Das ist erstens eine ziemlich verkürzte Darstellung, und zweitens dürfte das nur ein Schock für die sein, die keine Ahnung davon haben, wie das deutsche Rentensystem organisiert ist. Zu denen scheint auch Paul C. Martin zu gehören, der sich in seinem Kommentar mit dem Thema auseinandersetzt. Weil Oberstaatsanwalt Karl-Heinz Dalheimer in seiner Begründung, die “Bild” in Auszügen abdruckt, einmal das Wort “Chance” benutzt, meint Martin nun, die deutsche Altersversorgung sei “endgültig zur Lotterie verkommen”:

Auch dort hat jeder eine Chance auf künftige Zahlung.

Das ist natürlich völliger Humbug. Wie auch Martin wissen muss. Die vollständige Passage mit der “Chance” liest sich nämlich in Dalheimers Schriftsatz so:

Mit der Entrichtung des Rentenbeitrags erwirkt der Versicherte (…) nur eine Anwartschaft oder Chance auf eine künftige Rentenzahlung. Dabei ist rechtlich nicht die Höhe der Rente geschützt, sondern nur der Anspruch als Sicherungsobjekt an sich steht fest.

Wer in die Rentenkasse einzahlt, erwirbt also, anders als ein Lotterie-Teilnehmer, eine Anwartschaft und folglich einen Anspruch auf eine künftige Rentenzahlung.

Und “Bild” hat noch andere Passagen in der Einstellungsverfügung gefunden, die sie in ihrem Sinne auslegt:

Aber: In ihrer schriftlichen Begründung geht die Berliner Staatsanwaltschaft mit den Renten-Versprechen der Politiker hammerhart ins Gericht!

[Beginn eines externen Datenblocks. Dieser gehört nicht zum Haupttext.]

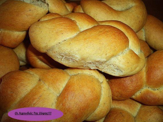 Χωρίς να αφήσω την ζύμη να φουσκώσει πλάθω κουλουράκια και τα βάζω σε ταψί με λαδόκολλα και αφήνω να φουσκώσουν 2-3 ώρες τώρα το καλοκαίρι και παραπάνω ώρες το χειμώνα.

Oberstaatsanwalt Karl-Heinz Dalheimer rügt, daß das von BILD “beanstandete Verhalten der für die Rentenproblematik Verantwortlichen aus der Sicht des Bürgers in mancherlei Hinsicht beanstandenswert und diskussionswürdig sein mag.”

Die Justiz zeigt also Verständnis dafür, daß Millionen Renten-Beitragszahler wütend sind, daß ihnen bei der staatlichen Rente nicht die Wahrheit gesagt wird!

Lässt man probehalber mal alles weg, was “Bild” hier vor und nach dem Dalheimer-Zitat schreibt, bleibt plötzlich nur noch ein Satz übrig, der gar nicht mal so “hammerhart”, sondern eher diplomatisch formuliert ist. Er “rügt” auch niemanden und drückt definitiv kein Verständnis dafür aus, dass Renten-Beitragszahler wütend seien, weil ihnen bei der staatlichen Rente “nicht die Wahrheit gesagt” werde. Aber es spielt ja ohnehin überhaupt keine Rolle. Das von “Bild” angeleierte Verfahren wurde eingestellt.

Und so bleibt von der “Bild”-Anzeige letzten Endes nur folgende, magere und wenig überraschende Erkenntnis:

Soll heißen: Es verstößt zwar nicht gegen Gesetze, Bürger und Beitragszahler bei der gesetzlichen Rente im unklaren zu lassen. Aber unser Rentensystem ist eindeutig reformbedürftig.

Und um das herauszufinden, musste “Bild” tatsächlich erst die Staatsanwaltschaft bemühen?